Task brief: Your reply should hold every entry below exactly as written and none of the pictures.

─── Dataset records

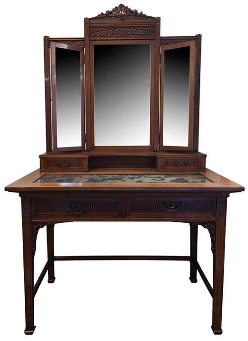 Manifattura siciliana (?), I metà del XX secolo (?) Mobile da toilette Legno intagliato, vetro 194x116x68 cm Il bene è libero da vincoli Condizione supporto: 90% Condizione superficie: 80% Mobile da toilette con specchiera a tre pannelli e tre vani sottostanti Periodo: 1900 - 1960 Categoria: Mobili
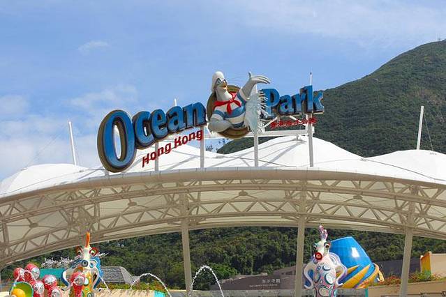 【香港海洋公园】是自在1977年1月10日开幕已经36周年。公园指南上写成公园的宗旨:让您我融入大自然。入园的门口上的海洋公园LOGO是穿着水手衣服的可爱海狮。因为住的离这里不远,早上9点就入园了,门票是提前在旅行社购买的,价格也便宜一点,也可以在淘宝上很多旅行网站上提前购买,免去来到这里排队的时间。成人280元港币,小孩140元港币。
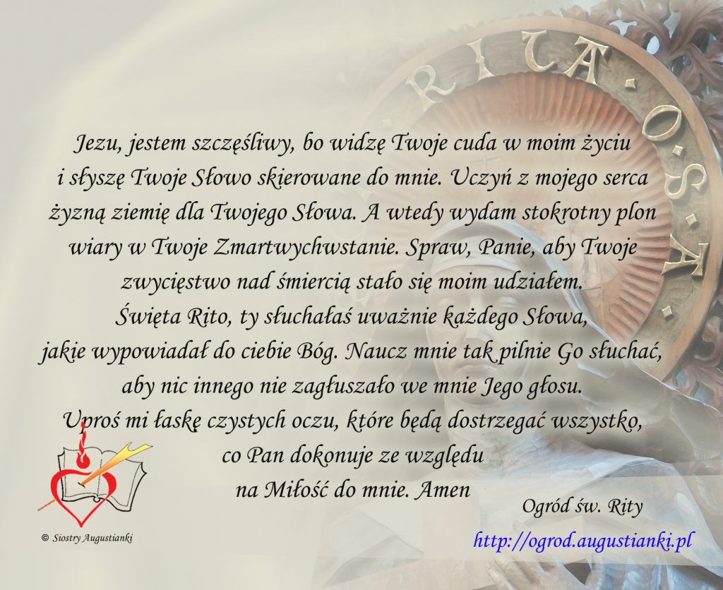 Święta Rito, ty słuchałaś uważnie każdego Słowa, jakie wypowiadał do ciebie Bóg. Naucz mnie tak pilnie Go słuchać, aby nic innego nie zagłuszało we mnie Jego głosu. Uproś mi łaskę czystych oczu, które będą dostrzegać wszystko, co Pan dokonuje ze względu na Miłość do mnie. Amen.
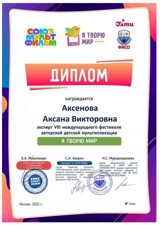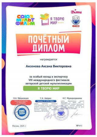 VIII Международный фестиваль авторской детской мультипликации «Я ТВОРЮ МИР!» проходит ежегодно с 2018 года. За годы проведения фестиваля «Я ТВОРЮ МИР» в нём приняли участие свыше 20 000 человек! География охватывает 53 региона нашей страны, а также стран постоянных участников – Республики Беларусь и Республики Казахстан. Фестиваль проводится компанией АО «ЭЛТИ-КУДИЦ» в сотрудничестве с АО «Киностудией “СОЮЗМУЛЬТФИЛЬМ”» с целью содействию развития способностей детей-участников средствами авторской детской мультипликации. Работы участников VIII Международного фестиваля оценивали независимые эксперты, обладающие соответствующей фестивалю квалификации. В декабре 2025 года наш преподаватель спецдисциплин отделения «Анимация» Аксенова Аксана Викторовна принимала активное участие в работе экспертного жюри по оценке детских работ.
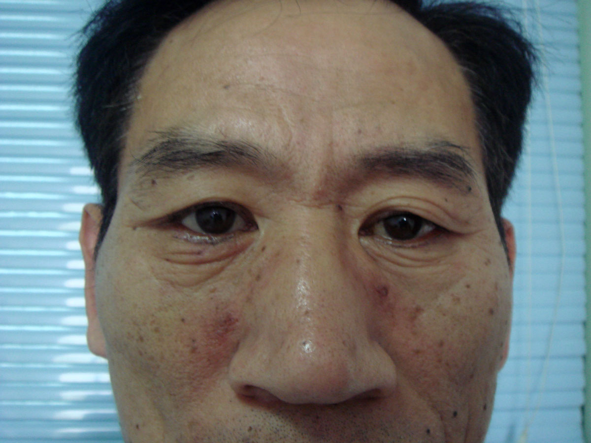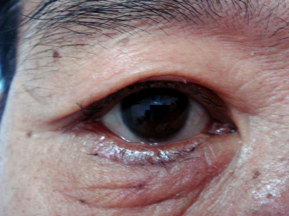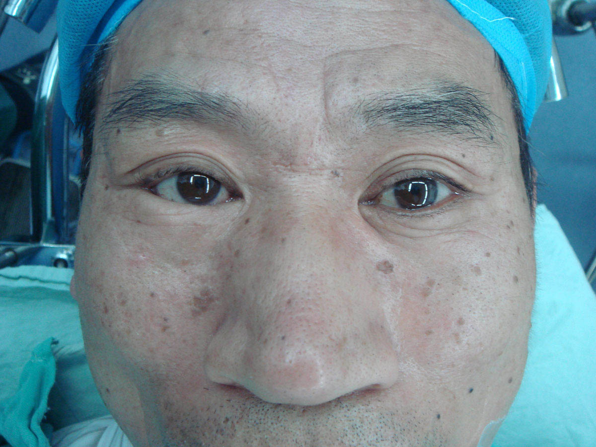 手術后一周拆線前,雙眼下瞼內翻矯正,瞼緣及睫毛位置正常。

──────

Result:
 Manifattura siciliana (?), I metà del XX secolo (?) Mobile da toilette Legno intagliato, vetro 194x116x68 cm Il bene è libero da vincoli Condizione supporto: 90% Condizione superficie: 80% Mobile da toilette con specchiera a tre pannelli e tre vani sottostanti Periodo: 1900 - 1960 Categoria: Mobili
 【香港海洋公园】是自在1977年1月10日开幕已经36周年。公园指南上写成公园的宗旨:让您我融入大自然。入园的门口上的海洋公园LOGO是穿着水手衣服的可爱海狮。因为住的离这里不远,早上9点就入园了,门票是提前在旅行社购买的,价格也便宜一点,也可以在淘宝上很多旅行网站上提前购买,免去来到这里排队的时间。成人280元港币,小孩140元港币。
 Święta Rito, ty słuchałaś uważnie każdego Słowa, jakie wypowiadał do ciebie Bóg. Naucz mnie tak pilnie Go słuchać, aby nic innego nie zagłuszało we mnie Jego głosu. Uproś mi łaskę czystych oczu, które będą dostrzegać wszystko, co Pan dokonuje ze względu na Miłość do mnie. Amen.
 VIII Международный фестиваль авторской детской мультипликации «Я ТВОРЮ МИР!» проходит ежегодно с 2018 года. За годы проведения фестиваля «Я ТВОРЮ МИР» в нём приняли участие свыше 20 000 человек! География охватывает 53 региона нашей страны, а также стран постоянных участников – Республики Беларусь и Республики Казахстан. Фестиваль проводится компанией АО «ЭЛТИ-КУДИЦ» в сотрудничестве с АО «Киностудией “СОЮЗМУЛЬТФИЛЬМ”» с целью содействию развития способностей детей-участников средствами авторской детской мультипликации. Работы участников VIII Международного фестиваля оценивали независимые эксперты, обладающие соответствующей фестивалю квалификации. В декабре 2025 года наш преподаватель спецдисциплин отделения «Анимация» Аксенова Аксана Викторовна принимала активное участие в работе экспертного жюри по оценке детских работ.
 手術后一周拆線前,雙眼下瞼內翻矯正,瞼緣及睫毛位置正常。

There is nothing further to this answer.